JPS61109974A - Manufacture of four-way reversing valve - Google Patents

Abstract

PURPOSE:To prevent a brazing material from creeping onto the valve seat surface by forming a brazing material stopper space in the wall surface on both circumferential sides of the valve seat with the inner circumferential surface of a reversing valve body and a retainer jig. CONSTITUTION:A wall surface 11e for forming a brazing material stopper space (r) between the inner circumferential surface of a reversing valve body 1 is formed on both circumferential sides of a valve seat 11. An intake pipe 6 and conduits 7, 8 are inserted from a through-hole in the reversing valve body 1 through through-holes 11a, 11b, 11c as the valve seat 11 is held in a predetermined position in the reversing valve body 1 by a retainer jig T. When silver brazing material S is melted by a burner V on the outer perimeter of the intake pipe 6 and conduits 7, 8, part of silver brazing material stays in the brazing material stopper space (r), and never reaches the flat surface 11d.

Description

DETAILED DESCRIPTION OF THE INVENTION [Object of the Invention] Industrial Field of Application The present invention relates to a method of manufacturing a four-way reversing valve for a reversible refrigeration cycle, which is used particularly for switching between heating and cooling in a heat pump type air conditioner.

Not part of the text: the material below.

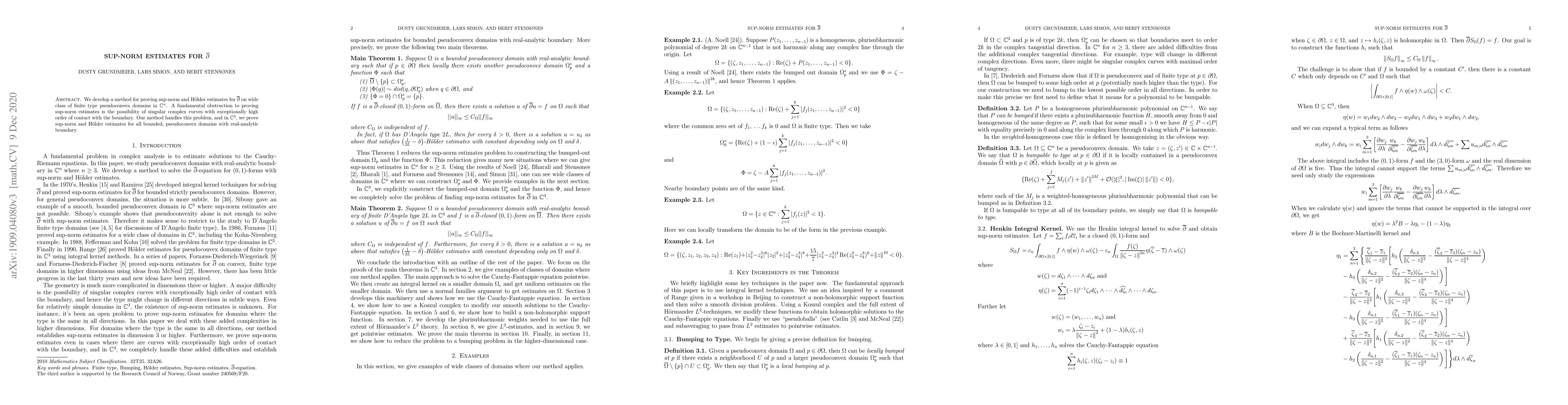 This paper presents a new method for proving sup-norm and H\"older estimates for $\overline{\partial}$ on a wide class of pseudoconvex domains in $\mathbb{C}^n$, addressing the challenge of singular complex curves with high boundary contact, and successfully applying this method to $\mathbb{C}^3$ to achieve estimates for all bounded, pseudoconvex domains with real-analytic boundaries.

Conventional technology The cylindrical reversing valve body of a four-way reversing valve has two heat exchangers on both sides of the suction pipe connected to the suction side of the compressor that function reversibly as a condenser or evaporator. A valve seat is provided within the reversing valve body having a connection port for the suction pipe and the conduit, and a slide valve is moved onto the series of smooth surfaces, and the suction pipe is connected by the slide valve. Switching between cooling and heating is accomplished by alternatively communicating the ports with two connections to the conduits of the heat exchanger.

Problems to be Solved By the way, in the prior art, when brazing a separate valve seat Y to the reversing valve main body X together with the suction pipe Z, as shown in FIG. There was a disadvantage that there was a time when the sheet flowed onto the smooth surface and became unusable, resulting in poor yield.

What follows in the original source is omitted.